***** Records for processing
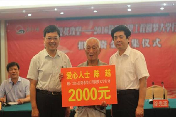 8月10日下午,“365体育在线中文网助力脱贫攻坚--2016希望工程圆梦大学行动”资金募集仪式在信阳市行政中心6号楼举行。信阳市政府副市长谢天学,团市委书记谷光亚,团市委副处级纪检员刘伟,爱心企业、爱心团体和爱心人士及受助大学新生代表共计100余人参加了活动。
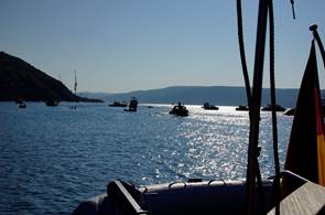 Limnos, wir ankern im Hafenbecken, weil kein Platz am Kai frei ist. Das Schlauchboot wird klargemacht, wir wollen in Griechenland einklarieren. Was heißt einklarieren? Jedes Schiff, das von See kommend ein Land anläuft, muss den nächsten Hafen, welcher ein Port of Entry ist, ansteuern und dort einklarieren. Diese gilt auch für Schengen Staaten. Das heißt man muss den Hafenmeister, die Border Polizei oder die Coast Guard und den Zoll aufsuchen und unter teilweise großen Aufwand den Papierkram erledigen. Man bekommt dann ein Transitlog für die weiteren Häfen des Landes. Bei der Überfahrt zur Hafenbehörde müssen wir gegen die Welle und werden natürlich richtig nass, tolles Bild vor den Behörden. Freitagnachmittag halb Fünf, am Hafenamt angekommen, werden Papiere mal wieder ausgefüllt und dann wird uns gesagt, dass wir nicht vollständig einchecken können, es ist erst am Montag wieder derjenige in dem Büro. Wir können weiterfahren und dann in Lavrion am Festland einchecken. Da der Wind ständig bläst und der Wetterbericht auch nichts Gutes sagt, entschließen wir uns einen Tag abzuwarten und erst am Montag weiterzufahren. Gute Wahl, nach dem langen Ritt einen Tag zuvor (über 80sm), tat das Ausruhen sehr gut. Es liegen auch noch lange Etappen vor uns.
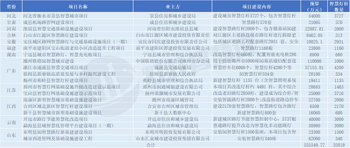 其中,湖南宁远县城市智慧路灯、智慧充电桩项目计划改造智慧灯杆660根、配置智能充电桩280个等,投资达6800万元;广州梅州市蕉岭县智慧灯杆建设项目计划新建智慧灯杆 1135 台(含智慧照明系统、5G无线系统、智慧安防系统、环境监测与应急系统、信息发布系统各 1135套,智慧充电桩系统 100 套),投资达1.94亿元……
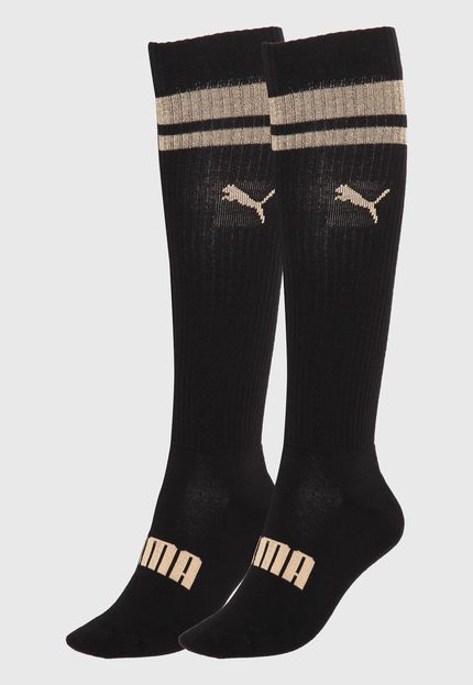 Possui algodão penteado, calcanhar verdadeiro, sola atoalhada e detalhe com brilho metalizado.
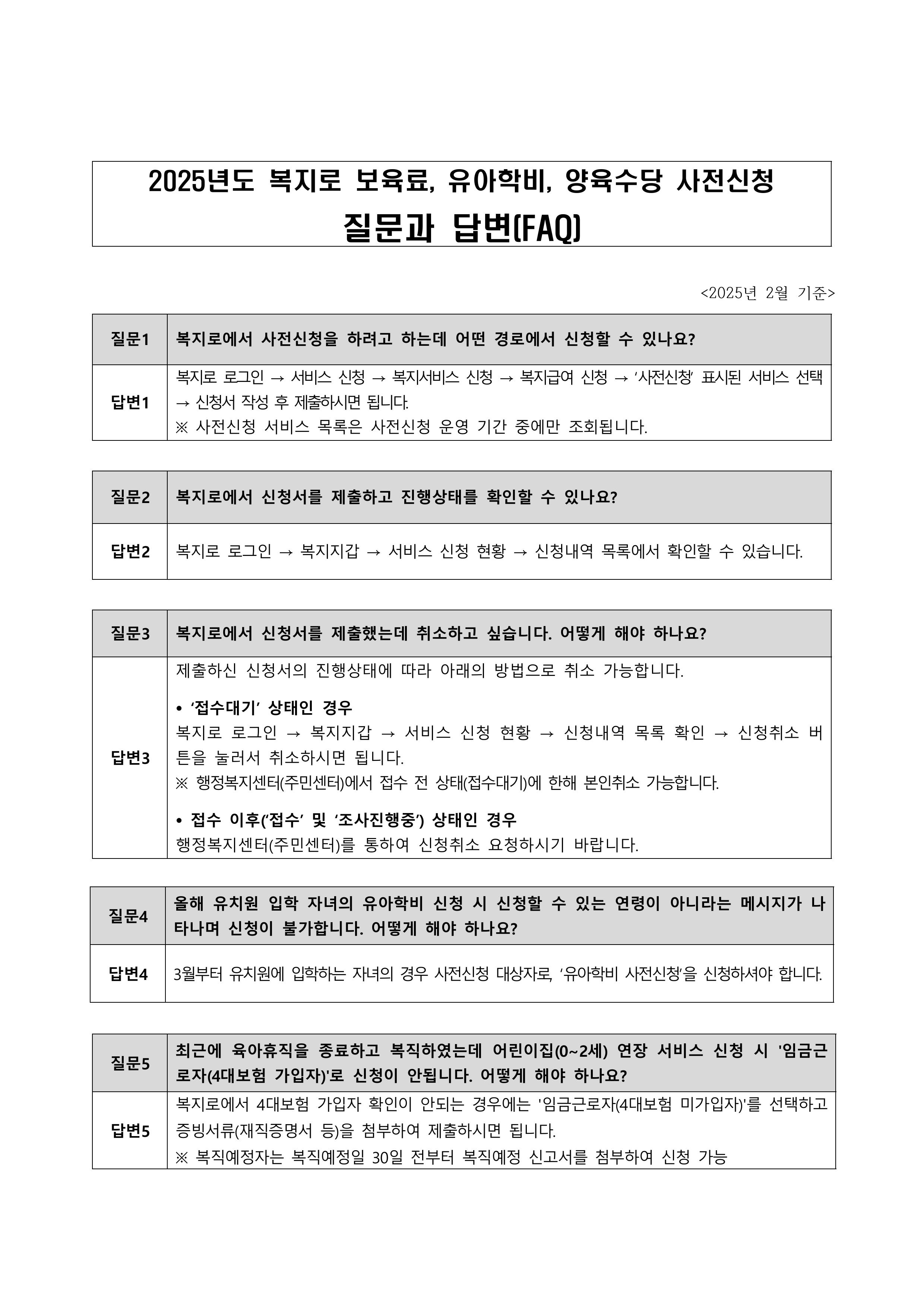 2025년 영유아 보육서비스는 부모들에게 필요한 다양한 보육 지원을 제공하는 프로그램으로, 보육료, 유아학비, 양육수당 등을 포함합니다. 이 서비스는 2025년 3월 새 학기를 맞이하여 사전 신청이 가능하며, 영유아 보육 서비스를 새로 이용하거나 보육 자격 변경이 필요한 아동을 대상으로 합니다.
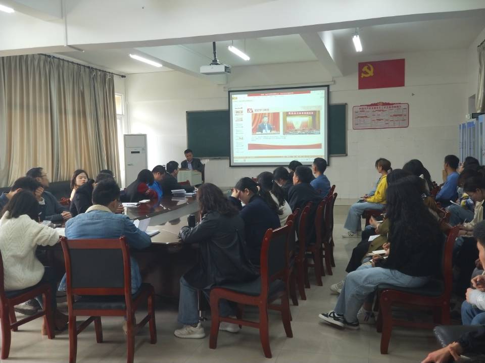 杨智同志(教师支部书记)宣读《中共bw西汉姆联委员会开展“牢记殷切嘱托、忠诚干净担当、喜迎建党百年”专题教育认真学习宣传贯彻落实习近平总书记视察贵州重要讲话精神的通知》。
**********
***** Records for processing
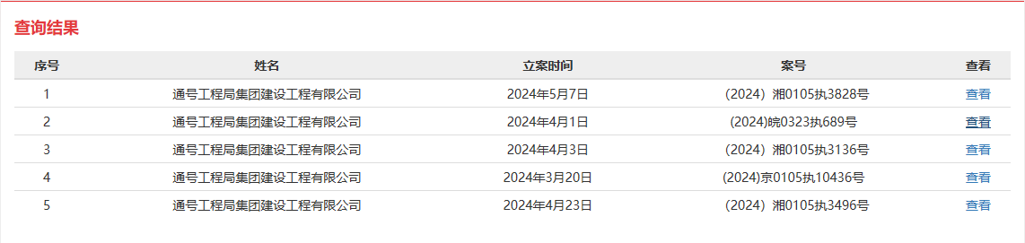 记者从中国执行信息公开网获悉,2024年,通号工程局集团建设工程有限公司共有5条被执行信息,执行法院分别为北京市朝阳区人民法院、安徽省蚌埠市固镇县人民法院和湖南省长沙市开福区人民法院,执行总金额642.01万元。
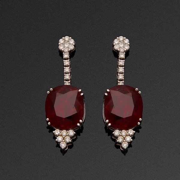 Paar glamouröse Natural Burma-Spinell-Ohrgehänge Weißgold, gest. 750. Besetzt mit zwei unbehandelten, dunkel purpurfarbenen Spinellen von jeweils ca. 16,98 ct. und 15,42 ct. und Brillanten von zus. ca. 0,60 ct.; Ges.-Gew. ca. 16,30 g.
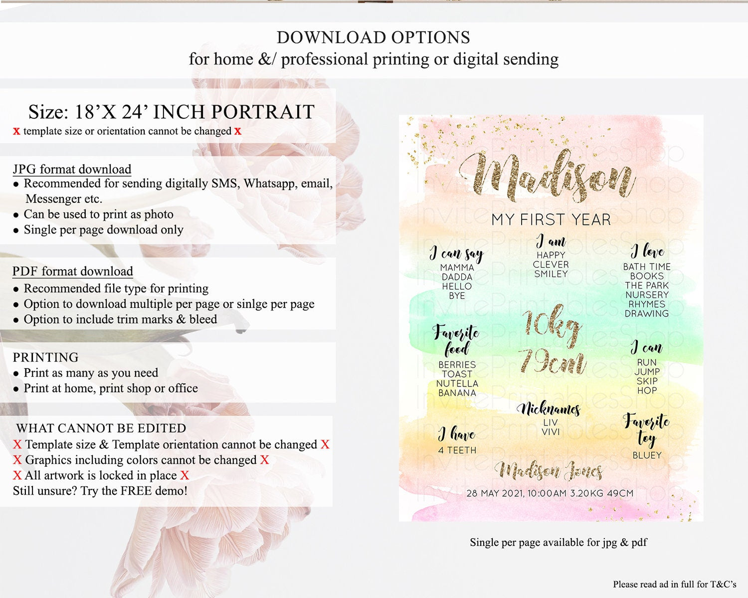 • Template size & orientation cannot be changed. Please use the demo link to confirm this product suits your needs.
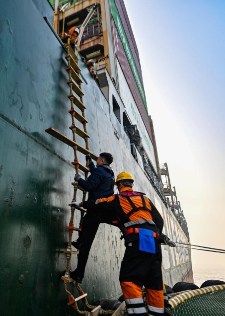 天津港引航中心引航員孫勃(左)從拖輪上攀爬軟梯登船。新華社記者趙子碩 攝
**********
§ **Your goal**:
Among the lines above, the one with "2025년 영유아 보육서비스는" opens the part to repeat and the one with "杨智同志(教师支部书记)宣读" closes it; repeat only that part exactly, with no pictures.

§ **Exercise solution**:
 2025년 영유아 보육서비스는 부모들에게 필요한 다양한 보육 지원을 제공하는 프로그램으로, 보육료, 유아학비, 양육수당 등을 포함합니다. 이 서비스는 2025년 3월 새 학기를 맞이하여 사전 신청이 가능하며, 영유아 보육 서비스를 새로 이용하거나 보육 자격 변경이 필요한 아동을 대상으로 합니다.
 杨智同志(教师支部书记)宣读《中共bw西汉姆联委员会开展“牢记殷切嘱托、忠诚干净担当、喜迎建党百年”专题教育认真学习宣传贯彻落实习近平总书记视察贵州重要讲话精神的通知》。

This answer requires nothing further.